When the median is not at all close to the center, I know I am not dealing
with a normally distributed variable. It also gives me a good sense of the
direction of the skew. If it is near the bottom of the IQR, meaning that the
median is much closer to the first quartile than the third, then there is positive
skew. Compare the boxplot for the Caribbean to that of Western Europe. A
large number of low values and a few high values bring the median close to
the first quartile value for the Caribbean.
See Also
We work much more with groupby in section 7, Fixing Messy Data When
Aggregating.
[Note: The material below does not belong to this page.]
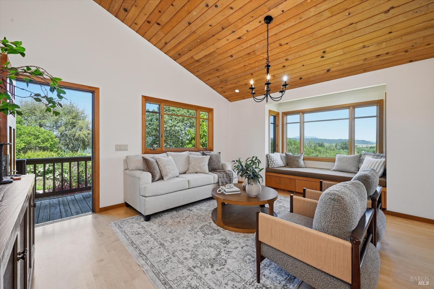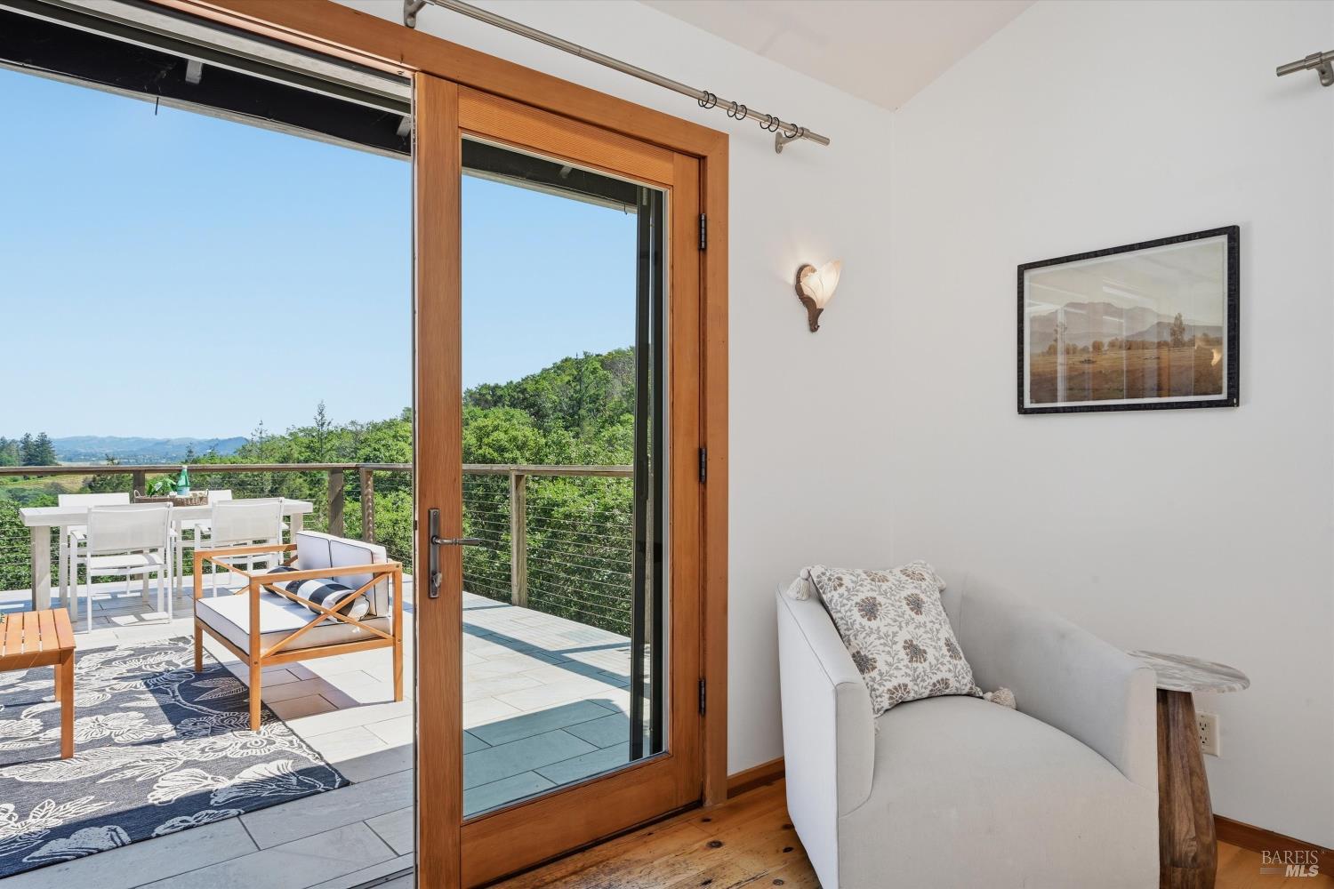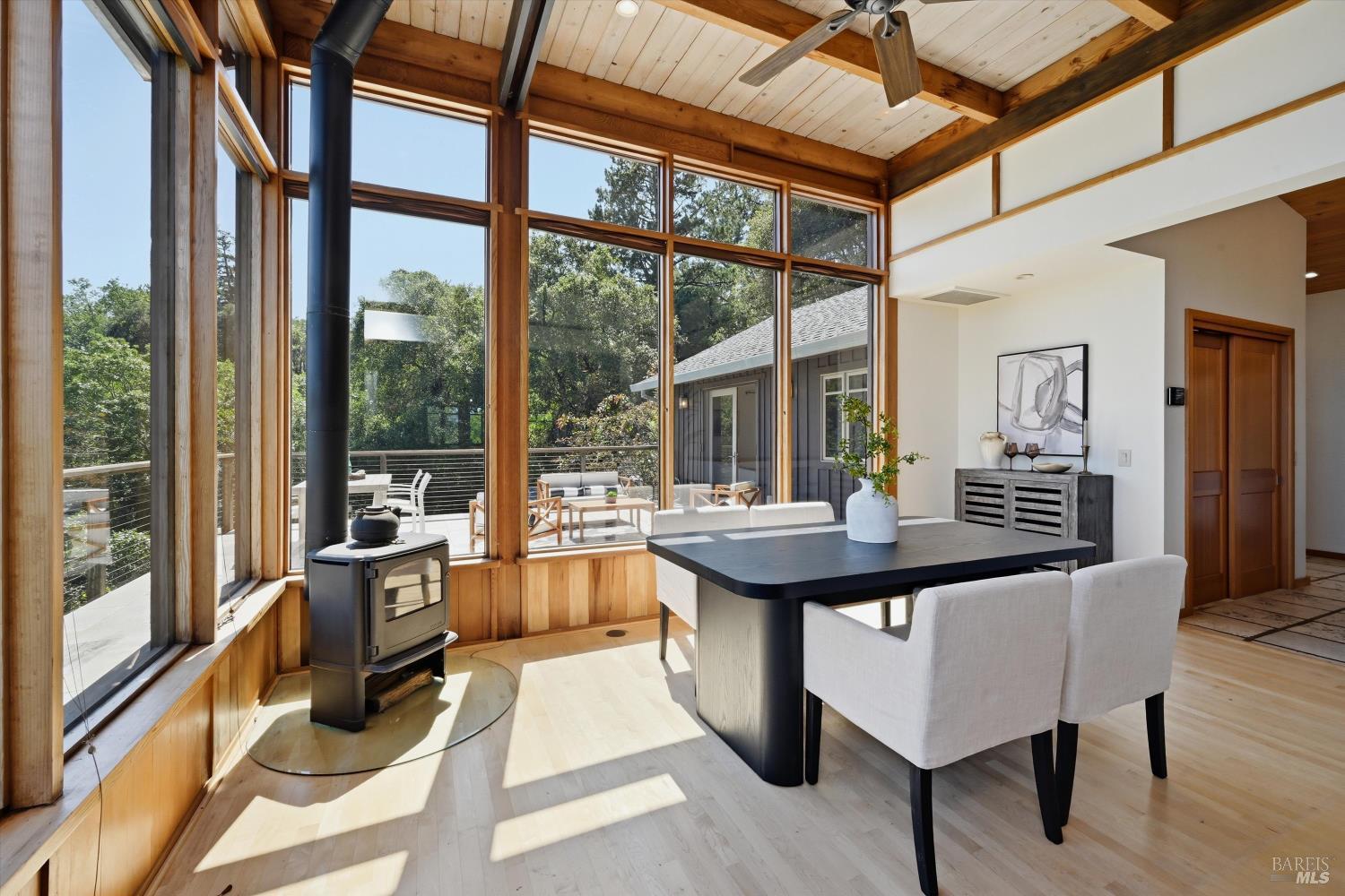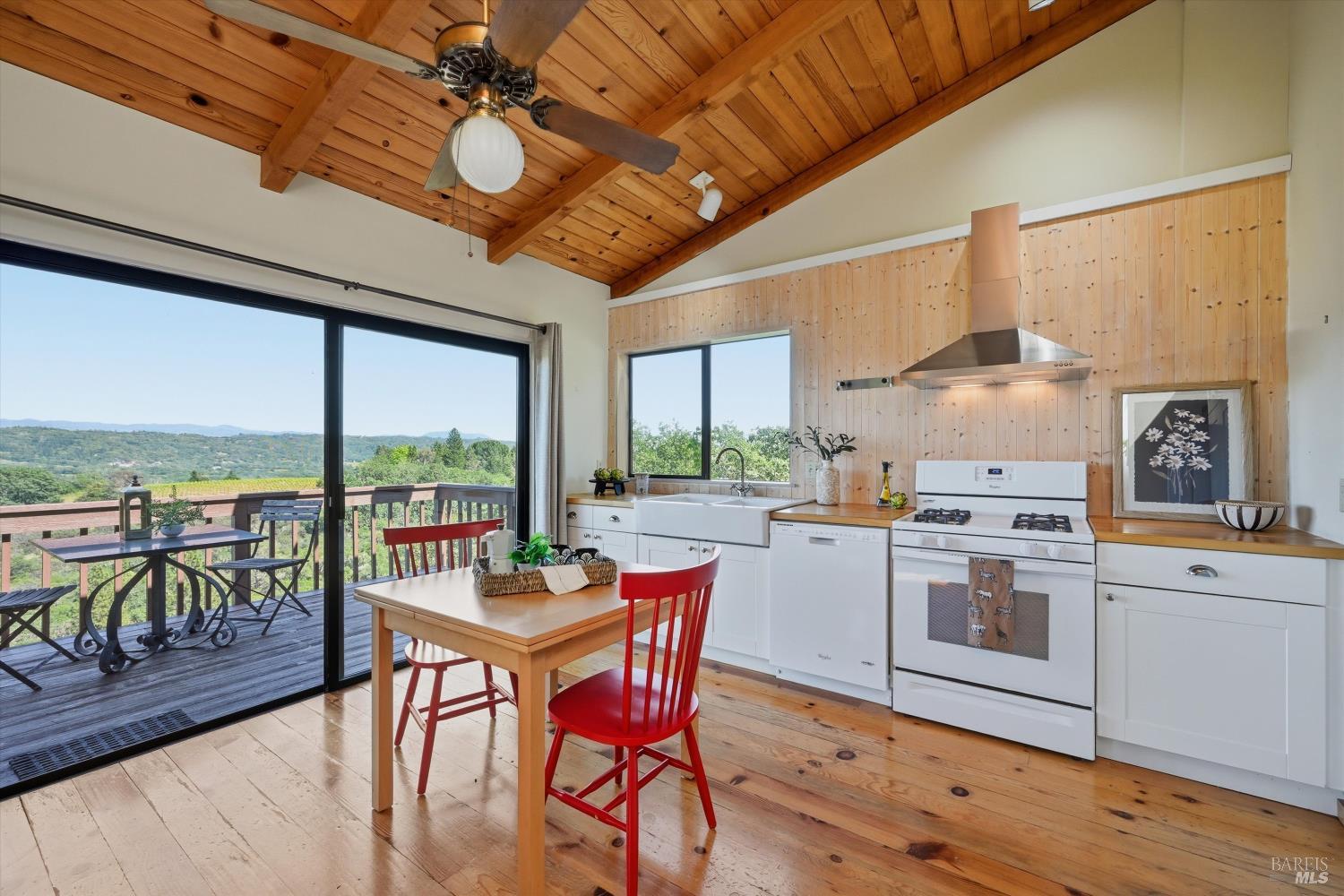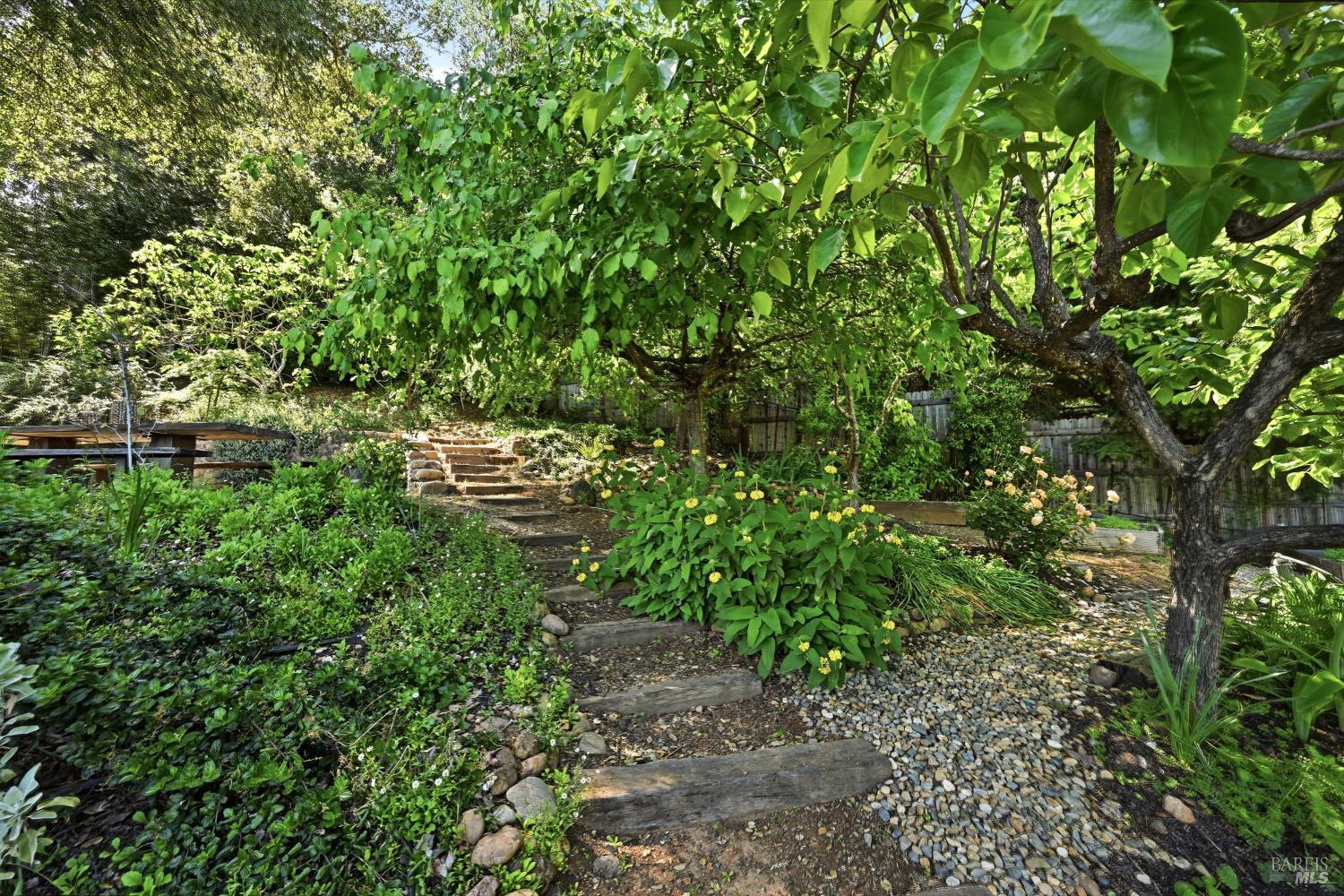 Experience the pinnacle of Wine Country living on this nearly 2-acre retreat, perfectly situated to capture breathtaking views of Sonoma County's Dry Creek Valley. Tucked at the end of a private road with no neighbors in sight, this property features a 3-bed, 2-bath mid-century modern main home and a 1-bed, 1-bath detached cottage. Surrounded by tiered gardens, a hobby vineyard, and tranquil oak woodlands, it offers a seamless blend of nature and sophistication. The main home boasts floor-to-ceiling windows, warm wood finishes, and an expansive deck with panoramic valley views, including Mt. St. Helena. The open living, kitchen, and dining areas flow effortlessly, while the private primary suite features a spa-like bath, walk-in closet, and private deck. Two additional bedrooms share a full bath, and the versatile lower level includes a flex space, laundry, wine cellar, and two-car garage with a workbench. Designed for outdoor entertaining, the property includes an alfresco kitchen with a BBQ, wood-fired pizza oven, and live-edge dining table. Winding paths lead through enchanting gardens, an orchard with citrus, plums,figs, apples, olives plus a ⅓-acre hobby vineyard planted with Zinfandel and Carignan. A seasonal creek, chicken coop, and storage shed add to the charm. The detached unit offers a private haven with a covered porch, tiered deck, vaulted ceilings, and stunning valley views. Its bright living room, open kitchen, cozy bedroom, and full bath make it ideal for guests, multi-generational living, or rental income. Located just 10 minutes from the Dry Creek General Store, 15 minutes from Highway 101, and 20 minutes from Healdsburg Plaza, this property combines luxury, privacy, and convenience, a true Wine Country paradise.

We work more with stack and unstack in section 9, Tidying
and Reshaping Data.
Conclusion
In conclusion, using grouped boxplots offers a powerful way to uncover hidden insights and unexpected values within specific groups of data, making it an invaluable tool for any data driven analysis. Whether you are just getting started or have experience with data visualization, the step-by-step process makes it easy to create and interpret boxplots, shedding light on outliers, distributions and trends that may otherwise go unnoticed. Once you understand how it works, you can refine your analyses, optimize your decision making and derive more precise conclusions. And remember, this is just the beginning, there are more advanced techniques and tools that can further enhance your data exploration. Be sure to explore additional resources and methods to maximize the impact of your analysis and continue unlocking the potential of your data.